Data -
****************

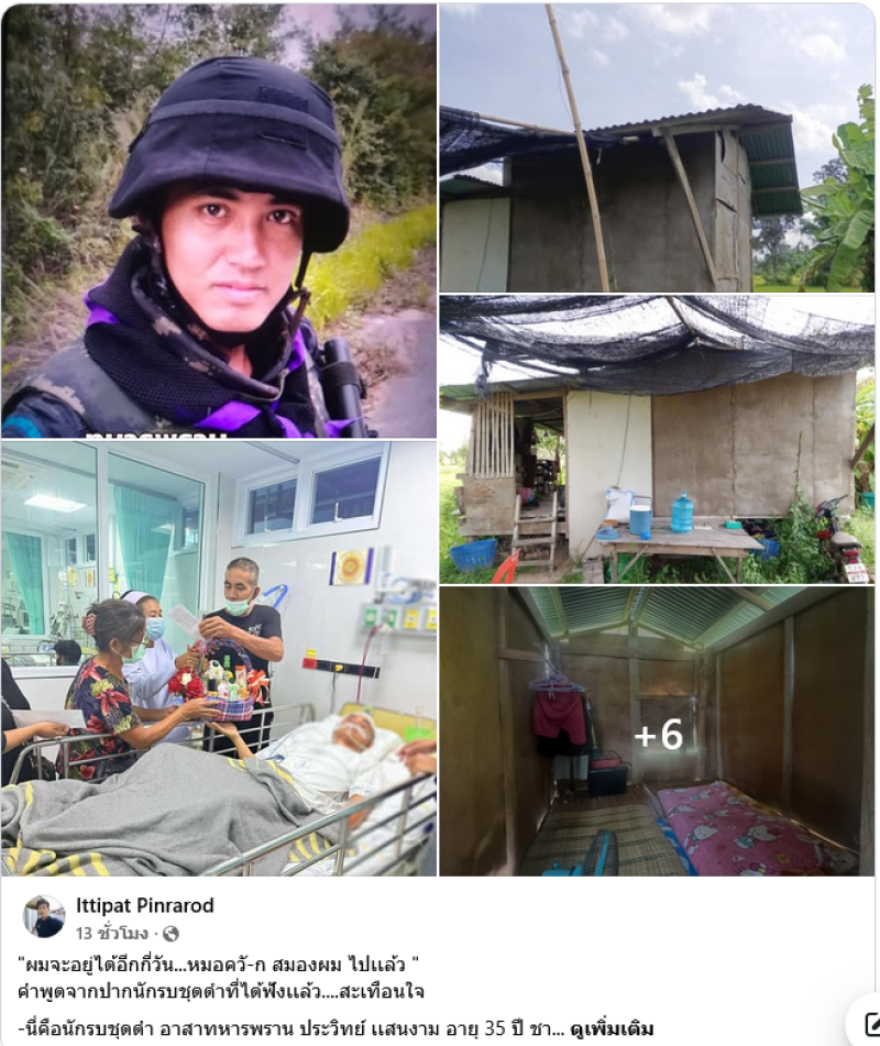 -นายทหารระดับสูงท่านหนึ่ง เเละ ภริยานายทหาร ได้ทราบ ถึงการบาดเจ็บ ด้วยความเห็นใจ ที่เขาเสียสละ ปกป้องผืนเเผ่นดินไทย จึงจะสร้างบ้านให้ทหารพรานนายนี้ิ ที่บ้านยากจน อยู่กระต๊อบ เล็กๆ ใช้ไม้อัดเป็นผนังบ้าน หลังคาไม่สนิท ฝนตกสาด ไม่มีห้องน้ำ จึงช่วยเหลือ เพื่อให้เขากลับออกมารักษาตัวที่บ้านอย่างสะดวกสบาย ตอบเเทนความเสียสละ ความกล้าหาญ
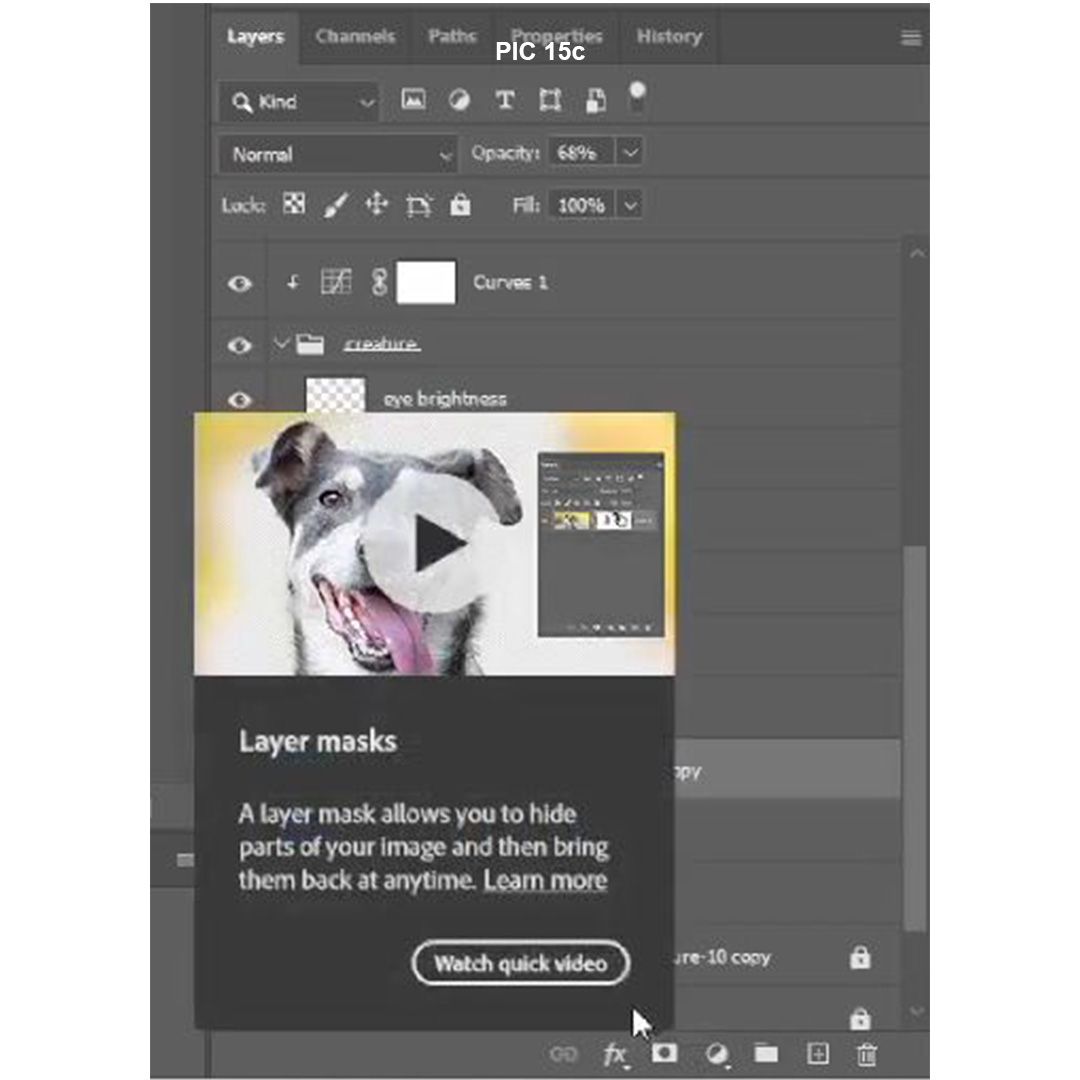 This will create a mask with the selection hopefully filled in black surrounded by white ref pic 15d)If not with the layer mask icon still selected press”Ctrl - I”.This will invert the selection.
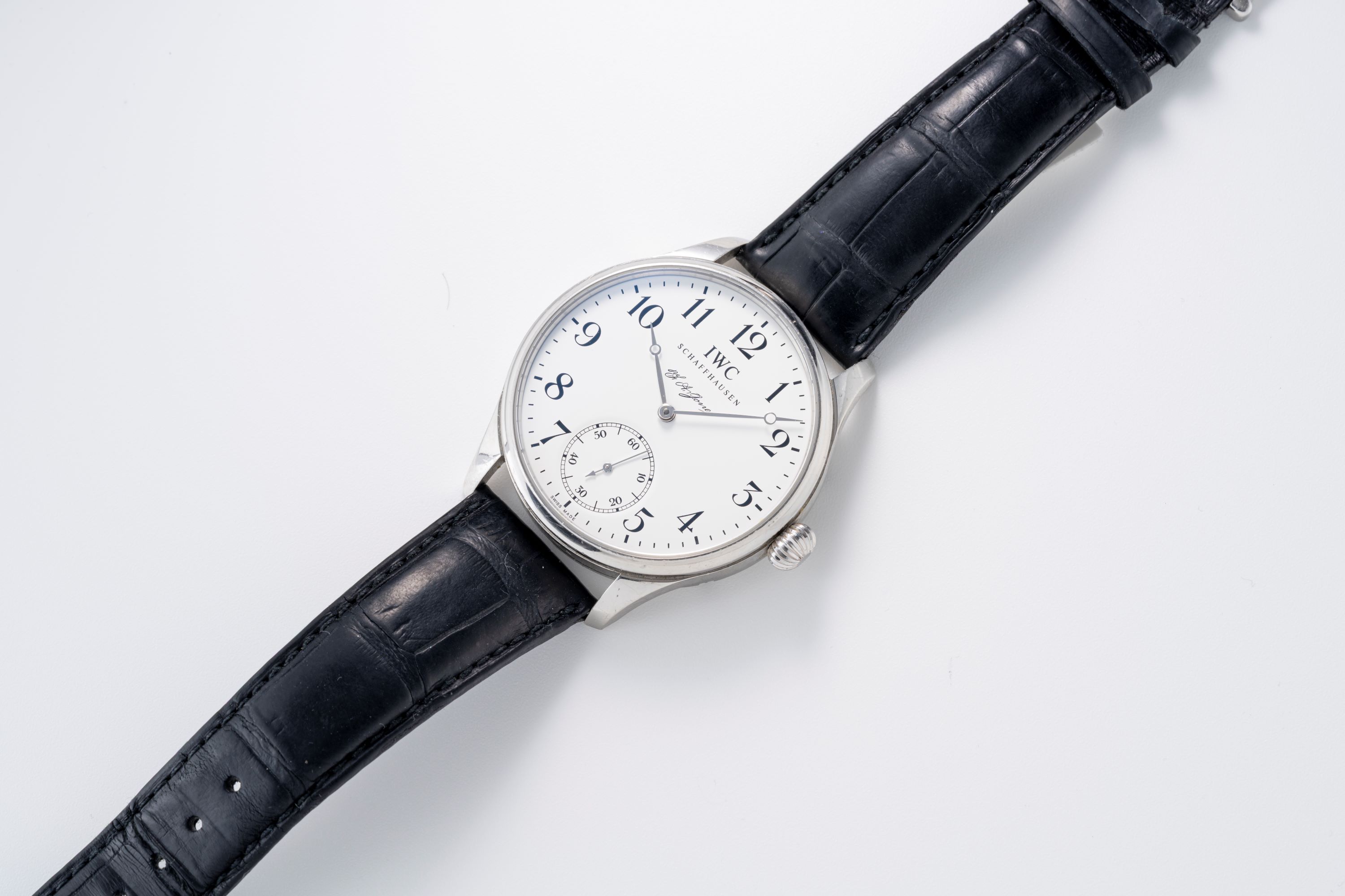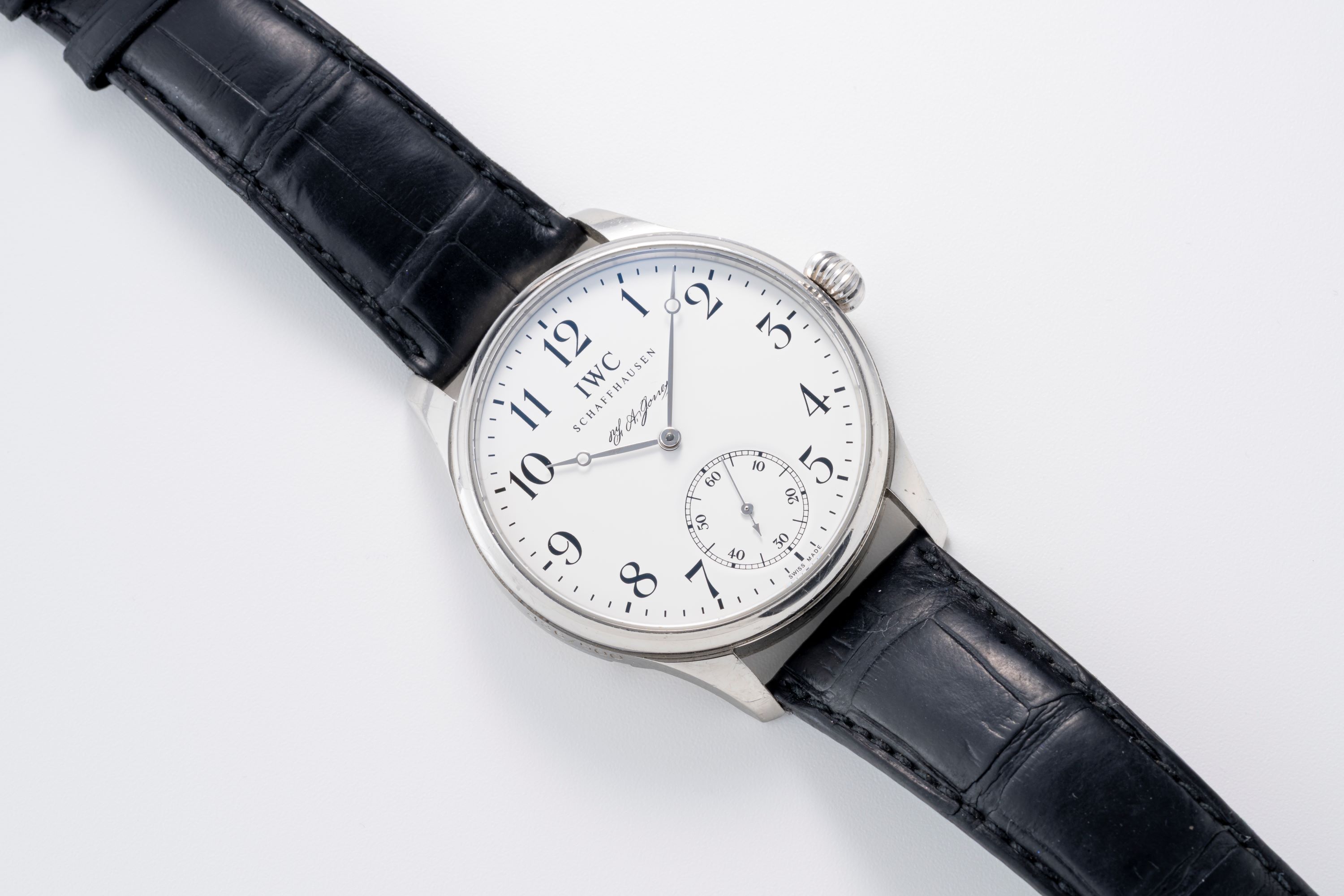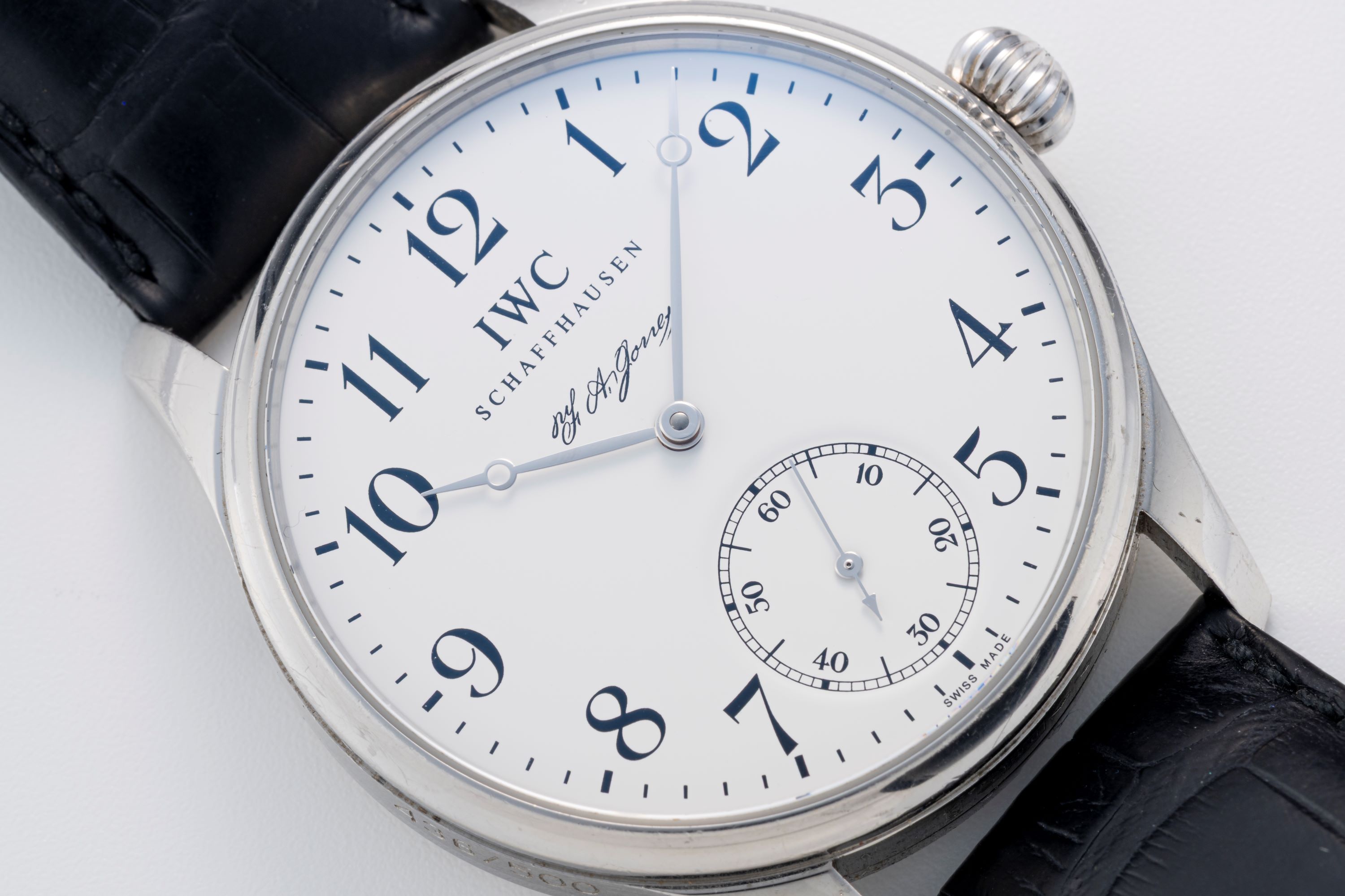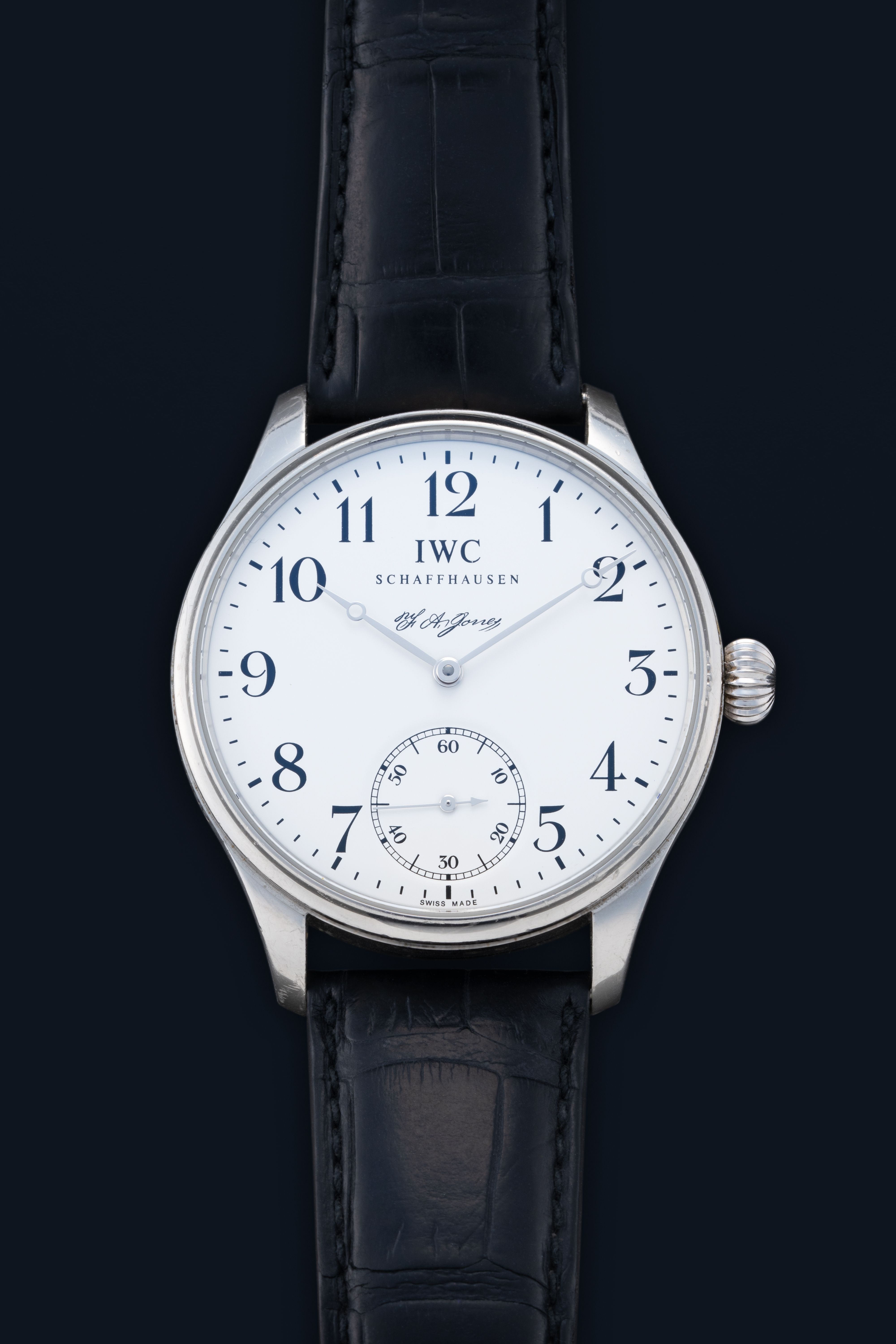 DialWhite enamel dial with black numerals, Breguet hands, small seconds at 6 o'clock, signed 'IWC' and 'F.A. Jones' at 12 o'clock

****************

About this exercise - Across all the lines above, repeat the wording exactly and omit the pictures.

Exercise solution -
 -นายทหารระดับสูงท่านหนึ่ง เเละ ภริยานายทหาร ได้ทราบ ถึงการบาดเจ็บ ด้วยความเห็นใจ ที่เขาเสียสละ ปกป้องผืนเเผ่นดินไทย จึงจะสร้างบ้านให้ทหารพรานนายนี้ิ ที่บ้านยากจน อยู่กระต๊อบ เล็กๆ ใช้ไม้อัดเป็นผนังบ้าน หลังคาไม่สนิท ฝนตกสาด ไม่มีห้องน้ำ จึงช่วยเหลือ เพื่อให้เขากลับออกมารักษาตัวที่บ้านอย่างสะดวกสบาย ตอบเเทนความเสียสละ ความกล้าหาญ
 This will create a mask with the selection hopefully filled in black surrounded by white ref pic 15d)If not with the layer mask icon still selected press”Ctrl - I”.This will invert the selection.
 DialWhite enamel dial with black numerals, Breguet hands, small seconds at 6 o'clock, signed 'IWC' and 'F.A. Jones' at 12 o'clock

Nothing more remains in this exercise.